_Task prompt_: Within the records below, repeat each line exactly but keep every picture out of the copy.

_Extracted material_:

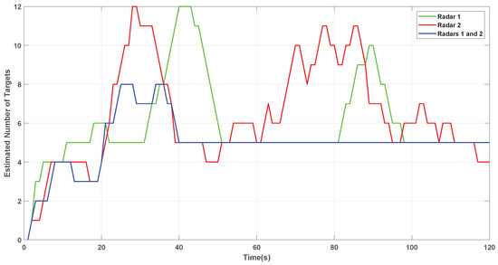 It is possible to observe that combining information from each tracker allows a faster convergence to the number of actual targets. In addition, it is more stable since the increase in data sources (sensors) in the system avoids targets occlusion compared to using only one radar.
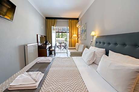 OPERA BLUE Hotel Gouvia Corfu features a seasonal outdoor swimming pool, garden, a shared lounge and terrace in Gouvia. With free WiFi, this 4-star hotel has a restaurant and a bar. The property provides airport transportation, while a car rental service is also available. The hotel will provide guests with air-conditioned rooms with a desk, a safety deposit box, a flat-screen TV, a balcony and a private bathroom with a shower. Guest rooms will provide guests with a fridge. Speaking German, Greek, English and French, staff are ready to help around the clock at the reception. Gouvia Beach is a 1-minute walk from OPERA BLUE Hotel Gouvia Corfu, while Port of Corfu is 4.6 miles away. Corfu International Airport is 5.6 miles from the property.
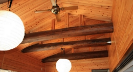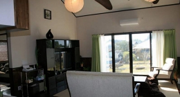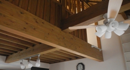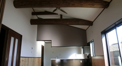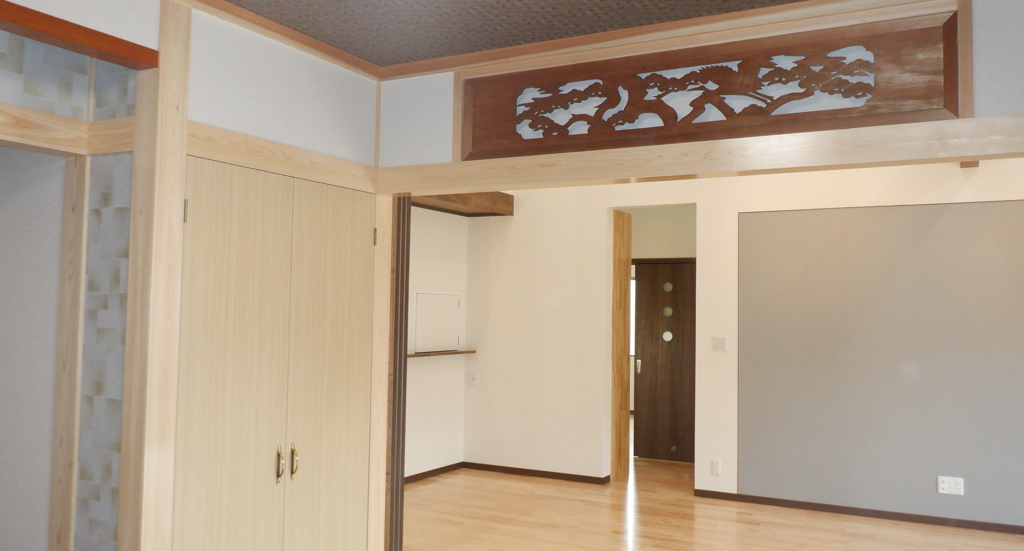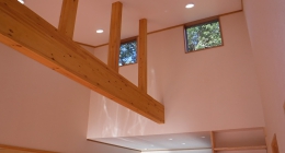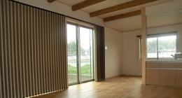 ゆとりある空間とゆったりとしたリビング。隣接された琉球畳の和室。その和室より眺める大きな丸太梁と桁は圧巻
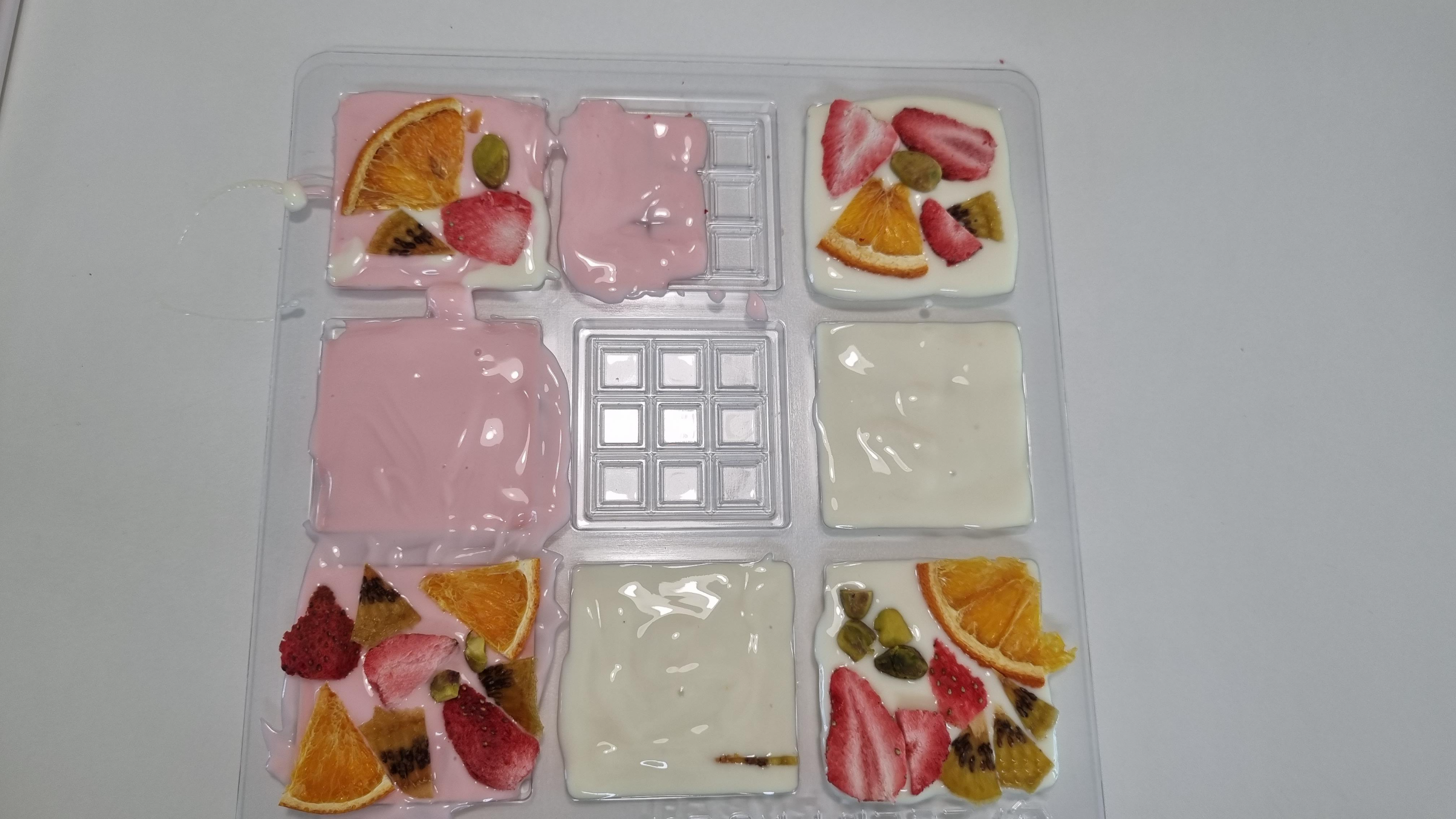 이제 몰드에 부은 초콜렛위에
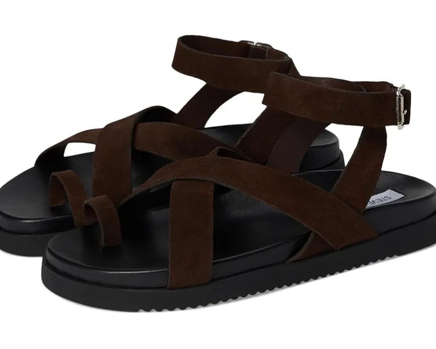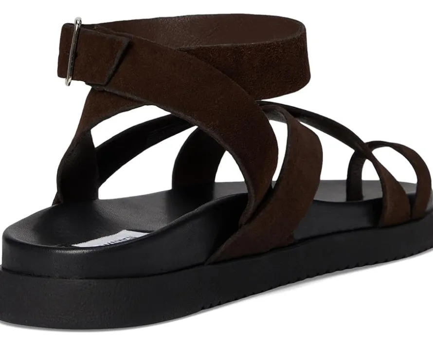 - Elevate your style with the Steve Madden® MIRA sandal. The sleek ankle strap and buckle closure provide secure and comfortable wear. These timeless sandals are perfect for any occasion, making them a versatile addition to your shoe collection. Featuring round toe, crisscross strap design, and brand detailing on the footbed.
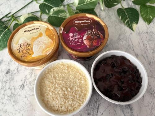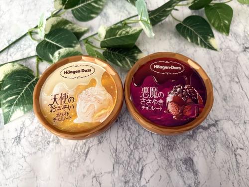 商品名:ハーゲンダッツミニカップ 天使のおさそい『ホワイトチョコレート』/悪魔のささやき『チョコレート』
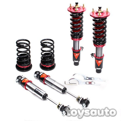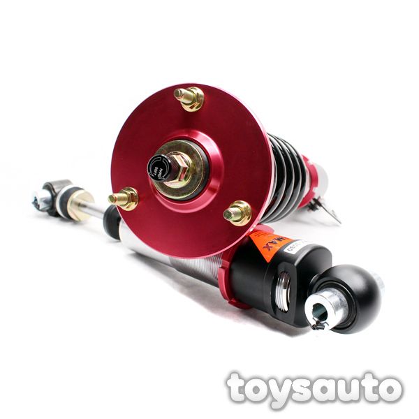 Godspeed Project's MAXX is our premier single-adjustable coilover suspension kit. These coilovers are designed to be a streetable race built coilover at an affordable price. It features a monotube damper that is made out of a carbon seamless steel 52mm tube with a 44mm internal piston providing maximum damper response. The cold-bent springs are made from high strength SAE9252 steel to optimize the balance between performance and comfort. Using high quality shock oil made in Italy, Godspeed Project can guarantee exceptional damper performance at any temperature on and off the track. The top of the shock is attached to the car using a high quality top hat that features a high performance bearing pillow ball mount (when applicable). The bottom shock brackets are made out of a T7075 forged aluminum or carbon steel brackets for lighter weight without sacrificing durability which also includes brake line brackets (when applicable). The MAXX offers 40 level of damper adjustability which can be set to your preference.

_Written response_:
 It is possible to observe that combining information from each tracker allows a faster convergence to the number of actual targets. In addition, it is more stable since the increase in data sources (sensors) in the system avoids targets occlusion compared to using only one radar.
 OPERA BLUE Hotel Gouvia Corfu features a seasonal outdoor swimming pool, garden, a shared lounge and terrace in Gouvia. With free WiFi, this 4-star hotel has a restaurant and a bar. The property provides airport transportation, while a car rental service is also available. The hotel will provide guests with air-conditioned rooms with a desk, a safety deposit box, a flat-screen TV, a balcony and a private bathroom with a shower. Guest rooms will provide guests with a fridge. Speaking German, Greek, English and French, staff are ready to help around the clock at the reception. Gouvia Beach is a 1-minute walk from OPERA BLUE Hotel Gouvia Corfu, while Port of Corfu is 4.6 miles away. Corfu International Airport is 5.6 miles from the property.
 ゆとりある空間とゆったりとしたリビング。隣接された琉球畳の和室。その和室より眺める大きな丸太梁と桁は圧巻
 이제 몰드에 부은 초콜렛위에
 - Elevate your style with the Steve Madden® MIRA sandal. The sleek ankle strap and buckle closure provide secure and comfortable wear. These timeless sandals are perfect for any occasion, making them a versatile addition to your shoe collection. Featuring round toe, crisscross strap design, and brand detailing on the footbed.
 商品名:ハーゲンダッツミニカップ 天使のおさそい『ホワイトチョコレート』/悪魔のささやき『チョコレート』
 Godspeed Project's MAXX is our premier single-adjustable coilover suspension kit. These coilovers are designed to be a streetable race built coilover at an affordable price. It features a monotube damper that is made out of a carbon seamless steel 52mm tube with a 44mm internal piston providing maximum damper response. The cold-bent springs are made from high strength SAE9252 steel to optimize the balance between performance and comfort. Using high quality shock oil made in Italy, Godspeed Project can guarantee exceptional damper performance at any temperature on and off the track. The top of the shock is attached to the car using a high quality top hat that features a high performance bearing pillow ball mount (when applicable). The bottom shock brackets are made out of a T7075 forged aluminum or carbon steel brackets for lighter weight without sacrificing durability which also includes brake line brackets (when applicable). The MAXX offers 40 level of damper adjustability which can be set to your preference.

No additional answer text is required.